Antonio (Albanese stesso), operaio specializzato in una ditta nautica nonché pensionato precoce a causa della crisi del settore, coltiva un sogno. Vedere la propria, unica, figlia convolare a nozze, pagando da parte sua un ricevimento all’altezza. E l’evento sembra materializzarsi quando la ragazza, molto assennata, fa il grande annuncio delle nozze. Antonio si reca in banca allo scopo di ritirare il denaro necessario ma viene convinto dall’affabile direttore ad investire l’intera cifra presente sul proprio conto (circa ottantamila euro) in azioni della banca medesima, ottenendo così la somma richiesta ad un tasso quasi gratuito, grazie agli interessi sulle azioni. Ma pochi sono al corrente del fatto che la banca in questione non naviga certo in buone acque…
Si potrebbe definire, senza timore di esagerazione, Cento domeniche una discesa all’inferno, scandita passo dopo passo. Un incipit descrittivo, che possiede il merito di farci entrare nel tranquillo microcosmo del protagonista. Il quale è separato da parecchi anni, ha un’amante occasionale, si prende cura della madre malata e coltiva i suoi hobbies con gli amici del posto. Insomma una vita relativamente tranquilla, tipica di una provincia sonnacchiosa. Almeno fino alla terremoto economico.
Albanese sembra proprio aver assorbito la lezione dei maestri ai quali ha prestato la propria maschera da uomo comune – in primis il Gianni Amelio de L’intrepido – concentrandosi meritoriamente su coloro che non fanno notizia, vittime continue di qualcosa che viaggia ben al di sopra delle loro capacità di controllo. Sarebbe abbastanza azzardato definire Cento domeniche – titolo in apparenza ambiguo che si riferisce ai giorni festivi impiegati a costruire la casa di proprietà da parte di gente che si “è fatta da sé” – un’opera alla Ken Loach e tuttavia non siamo così distanti dall’illustre modello. Del celebre cineasta britannico manca forse la lucidità dell’analisi complessiva ma trattandosi di una vicenda narrata da un punto di vista personale, quello di Antonio, lo stesso appare un difetto trascurabile. Il protagonista assiste alla sfascio progressivo della propria e altrui esistenza e, giustamente, non capisce. Non comprende come gli altri, in senso lato, abbiano potuto tendergli una trappola così devastante, a lui che si è sempre fidato del prossimo. Proprio per tali motivi l’Albanese regista e cosceneggiatore accresce da un lato l’empatia verso il personaggio, dall’altro l’inquietudine nei confronti di una situazione del tipo “può accadere a chiunque”. Quasi un invito – a tratti ideologicamente un po’ confuso e venato di qualunquismo dettato dalla rabbia – a diffidare di un mondo le cui regole sono dettate da un capitalismo sempre più avido, incurante dei destini di persone trattate alla stregua di agrumi da spremere e gettare via.

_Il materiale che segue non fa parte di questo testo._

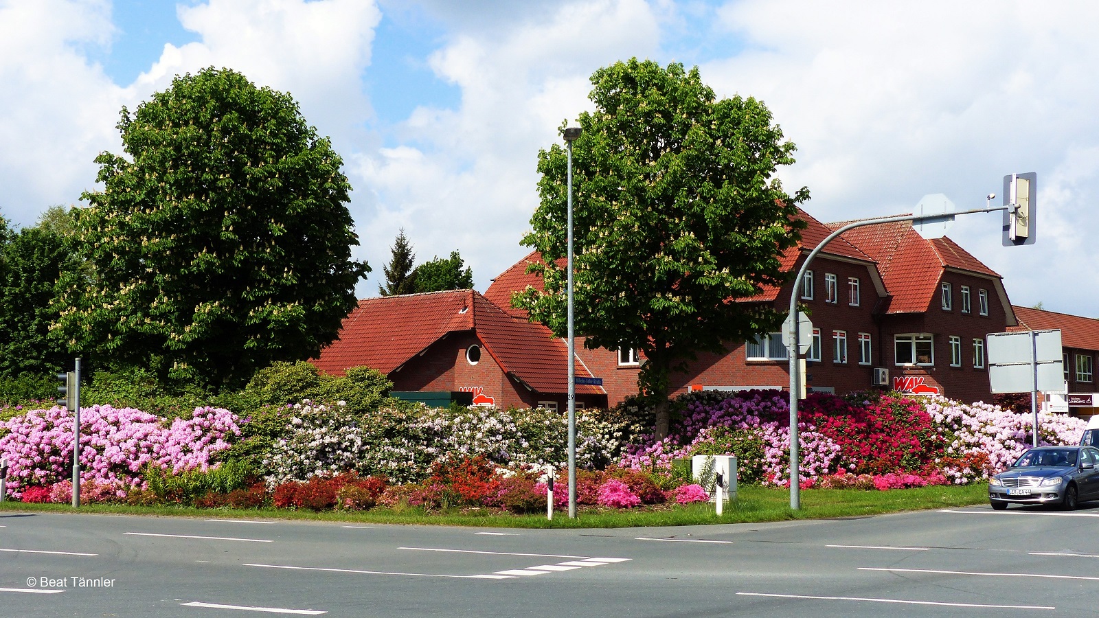 Das Wetter ist sehr launisch. Regen wechselt in rascher Folge mit Sonnenschein. Wir nutzen die drei Tage für Arbeiten am Blog. Kleinere Spaziergänge dazwischen zeigen, dass Westerstede den Zusatz „Rhododendron-Stadt“ zu Recht trägt. Überall zwischen den Häusern, auf dem Land und selbst im Wald blühen diese Pflanzen zur Zeit üppig in den unterschiedlichsten Farben.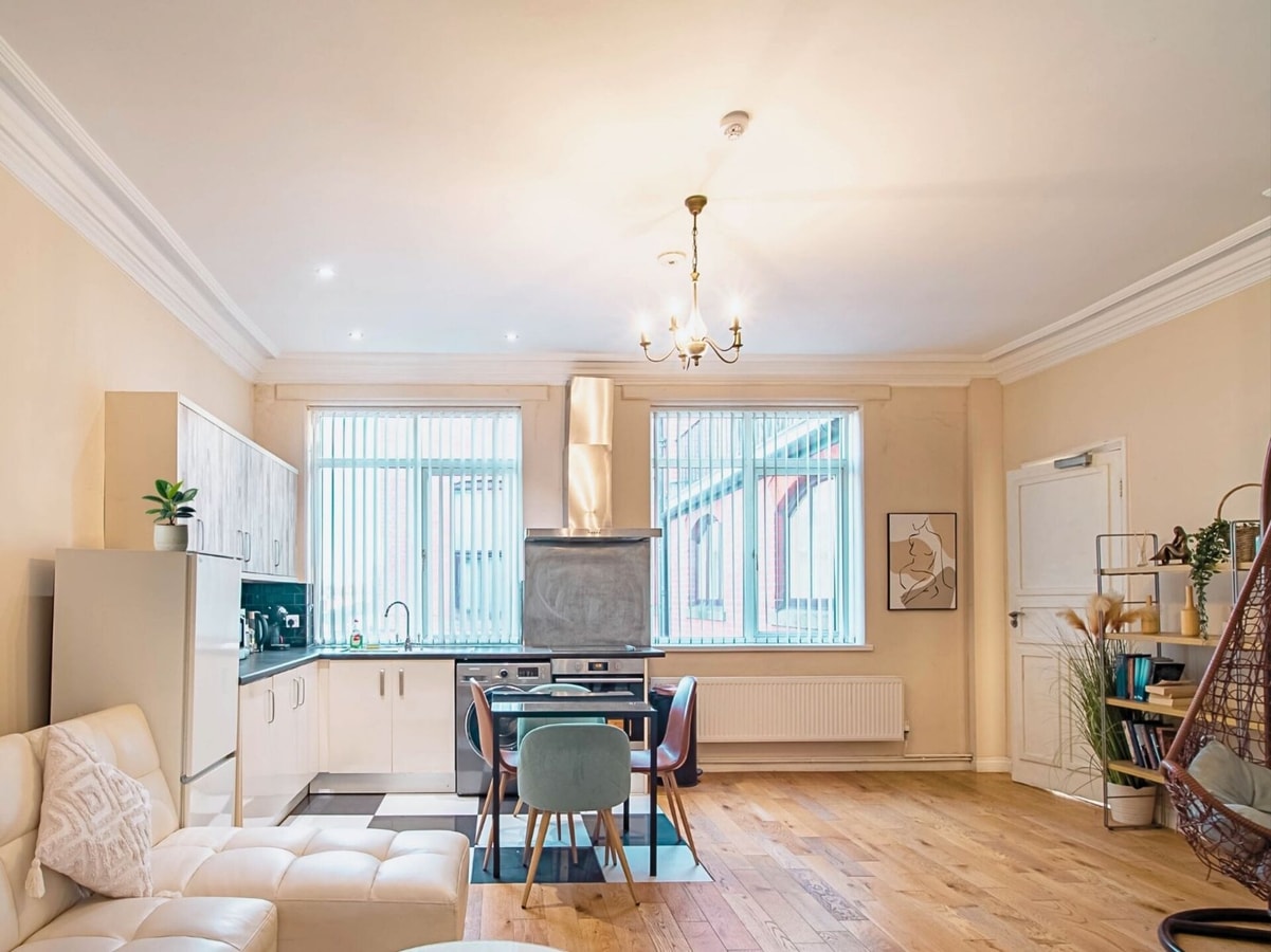 Tucked inside one of Sheffield's most iconic buildings, this isn't your average city centre flat. The space has personality. Think curated art, bold design choices, and a vibe that feels more creative studio than generic serviced apartment. It's the kind of place you'll want to photograph before you even unpack. WHAT YOU GET ✔ Free on-site parking ✔ Fast WiFi — actually fast ✔ Fully equipped kitchenette ✔ Washing machine ✔ Self check-in

Al di là dei difetti del lungometraggio, Antonio Albanese merita un sentito elogio. Perché ha avuto, con Cento domeniche, il coraggio di cambiare rispetto al cliché da lui abilmente costruito nel corso degli anni e perché chiunque abbia intenzione di vedere il film non potrà rimanere indifferente di fronte ad un epilogo forse ineluttabile – e perciò prevedibile – ma di certo destinato a rimanere impresso ben oltre il termine della visione.
Dopo il passaggio alla Festa del Cinema di Roma 2023 Cento domeniche avrebbe senza dubbio pieno diritto di penetrare le coscienze del pubblico. Anche con la violenza necessaria a suggerire ulteriori spunti di riflessioni. Nel bene e nel male.